Кстати, следующий этап, про который вы правильно сказали, Людмила Алексеева. Когда эта программа не сработала на федеральном уровне, сказали так: пусть этим занимаются регионы. И отдали ее реализацию в регионы. А у регионов, как вы знаете, денег очень мало. В результате эта программа лекарственного обеспечения находится в очень тяжелом положении. В несколько лучшем положении находится маленькая программа лечения самых дорогих болезней.

— «Семь нозологий».

— Да, так называемые, «Семь нозологий». У нее есть свои другие тяжелые проблемы. В действительности вот эти тяжелые болезни, которые надо бы лечить активно, потому что можно людям реально помогать, их значительно больше, чем семь, значительно больше, чем семь.
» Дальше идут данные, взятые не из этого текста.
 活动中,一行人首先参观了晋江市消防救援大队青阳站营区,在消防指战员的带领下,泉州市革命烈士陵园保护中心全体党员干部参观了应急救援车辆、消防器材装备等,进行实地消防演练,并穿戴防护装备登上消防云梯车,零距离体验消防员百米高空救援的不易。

И, кстати, по принципиальным таким критериям в число вот таких болезней, которые получают безусловную дорогостоящую помощь от государства, должны входить только те болезни, применительно к которым есть реально помогающее лечение. К сожалению, по каким-то непонятным причинам в число вот этих семи болезней попали болезни, при которых в действительности по-настоящему помогать нельзя. Ну, это уже особая проблема, но проблема эта связана с тем, о чем говорил наш премьер-министр — проблема коррупции. Я думаю, что эти болезни были включены в Список, в частности, потому, что коррумпированные люди влияли на составление этого Списка.

— На Список конкретных лекарств. Но так же как, наверное…
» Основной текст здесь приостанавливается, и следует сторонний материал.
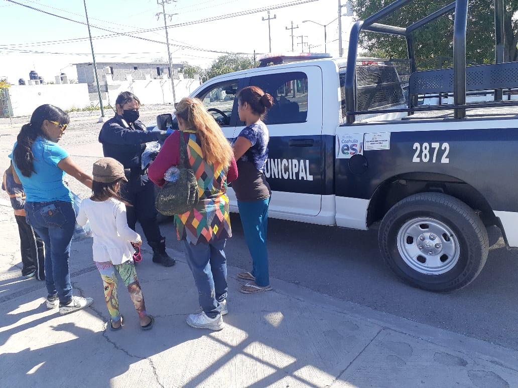 Raymundo Campos | Región Carbonífera.- Elementos del Mando Único Policial de Sabinas, distribuyeron una cantidad importante de cubrebocas, entre los habitantes de la colonia Valle Dorado, que colinda con el poblado de Barroteran.

— Не только лекарство, прямо болезней.

— А-а, прямо болезней. Так же, как, наверное, и на то, каким образом лекарства попадают в Список вот этих жизненно необходимых лекарственных средств. Но туда же очевидно должны попадать, поскольку эти лекарства будут оплачены из бюджета, однозначно только те лекарства, которые имеют только доказанную эффективность. Так ли это?

— Более того, я думаю, что не только доказанная эффективность, а даже из тех лекарств, которые имеют доказанную эффективность, туда должны включаться не все, потому что, например, «Парацетамол» (лекарство от головной боли и от других всяких болей, обезболивающее) очень эффективное лекарство. «Бруфен» тоже очень эффективное лекарство. Но для применения его под таким показанием — не является жизненно важным. Даже не все эффективные вмешательства должны попадать в этот Список. Вот до недавнего времени составлением этого Списка занимались ученые с участием общественности. Был такой Формулярный комитет, который для Минздрава составлял этот Список. И у этого комитета даже есть «Этический кодекс», в котором записано, как бороться с конфликтом интересов, как сделать так, чтобы люди, у которых есть зависимость от производителя какого-то лекарства, они не принимали участие в обсуждении вот этого лекарства. Кстати, это единственная общественная организация, у которой такой Кодекс есть. Сегодня Список жизненно важных лекарственных средств составляется чиновниками Минздрава.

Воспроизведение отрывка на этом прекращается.